The immaterial space of the internet now affords us the pleasure of clicking through virtual collections, down gilded museum hallways and Biennale displays across the world, attending exhibition openings and artist talks on Zoom, all from the comfort of our own crumb-covered sofas.

Tino Seghal, These Associations, Tate Modern, 2012.

If participation in art is an increasingly visual, online experience, does sight become a surrogate for touch? Perhaps time spent gazing at artworks from a distance has primed us for using our ‘tactile imagination,’ as art historian Bernard Berenson once called it, conjuring a sense of empathy with an image by imagining what it might be like to touch its depicted subject. The online art event is now one among numerous digital interactions that force us to extend our ‘tactile’ imaginations to empathise with those we can only see on a screen.

Participating in cyberspace, we imagine ourselves as a community of people connected by our shared certainty of uncertainty, paused lives and careers, wallowing in our mutual state of vulnerability and contagiousness. As if to bring sight even closer to touch, the tactility of imagination is now substantiated through the touch screen, as the membrane through which contact and proximity with others is simulated. The responsiveness of the glass surface to a simple tap of the finger when sending an affectionate emoji or ‘liking’ a social media post creates the impression of touching the other.

As the touch screen mediates our interactions one by one, stimulating the imagination, it becomes all too easy to mistake touching the screen for being ‘in touch’ with what we see. I am reminded of Thomas Hirschhorn’s 2013 video work Touching Reality, which confronts viewers with a finger scrolling through gruesome digital images of the carnage of war on what could be an iPad screen. The anonymous user occasionally stops to zoom in on exploded flesh or debris strewn across the ground, before continuing on, unphased. While horror of this calibre may rarely be viewed on our own screens, the finger is a familiar sight, mimicking the way we so casually scroll past the plethora of internet content that fills our time in isolation. With sombre news updates spliced among corporate-sponsored, pixelated constructions of desire, how thin can imagined empathy be stretched before it turns into indifference? Hirschhorn reminds us that no matter how close the touch screen makes us feel to the texture of reality, it amounts to nothing but a solid barrier, a symbol of our distance from it.



Thomas Hirschhorn, Touching Reality, 2013. Video still.

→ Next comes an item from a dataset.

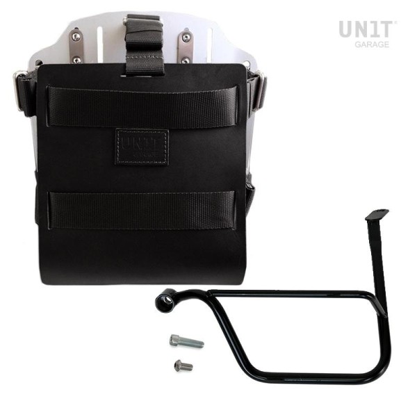 Placa portabolsas de aluminio anodizado con frontal de piel regulable. Se adhiere rápidamente a nuestros marcos portabolsas con el sistema de liberación rápida código U000 ya incluido y montado en la parte posterior de la placa , que está equipada con un bloqueo para bloquear en el marco mismo. La placa crea una superficie de montaje plana en el lateral de la bicicleta, esto permitirá el transporte de bolsas sueltas u otros objetos, como sacos de dormir, chaquetas, etc. La solapa frontal, con atención a los detalles más pequeños con acabados de cuero de 3 mm, se puede ajustar con los deslizadores suministrados y se puede quitar muy rápidamente de la placa.

Looking down at my searched image, I realise that if Bruegel was to repaint his allegory of touch today, it would most probably resemble Venus with her face hidden behind a screen, grinning at a sequence of emojis, or a Zoom-filtered wave from a distant lover. This scene is now the reality for most, yet something escapes it. As sight, Aristotle’s noble sense, becomes the vehicle for our gradual immersion in technologically mediated spectacles, perhaps the value of the lowly sense of touch is precisely its confinement to experience of the here and now. Touch exposes us to nothing more than our immediate surroundings. Until commercial technologies find a way to capitalise on this sense, to touch is to maintain a connection to the physical world beyond the screen image. Like the blind man’s fingertips encountering the flatness of the painted canvas, perhaps we should appreciate the ‘materiality of the hands’ as we poke at the images on our screens, exposing them as mere illusions flickering across a flat surface.

The fact remains that no amount of reflection changes the reality that touch is needed, yet dangerous. Instead of offering resolutions, the relationship between art and touch only mirrors this conflict. As we gradually rethink what it means to congregate with others as sensitive, sensory bodies, we might begin by acknowledging touch, the lowest common sense, as something that connects us to a world we knew before.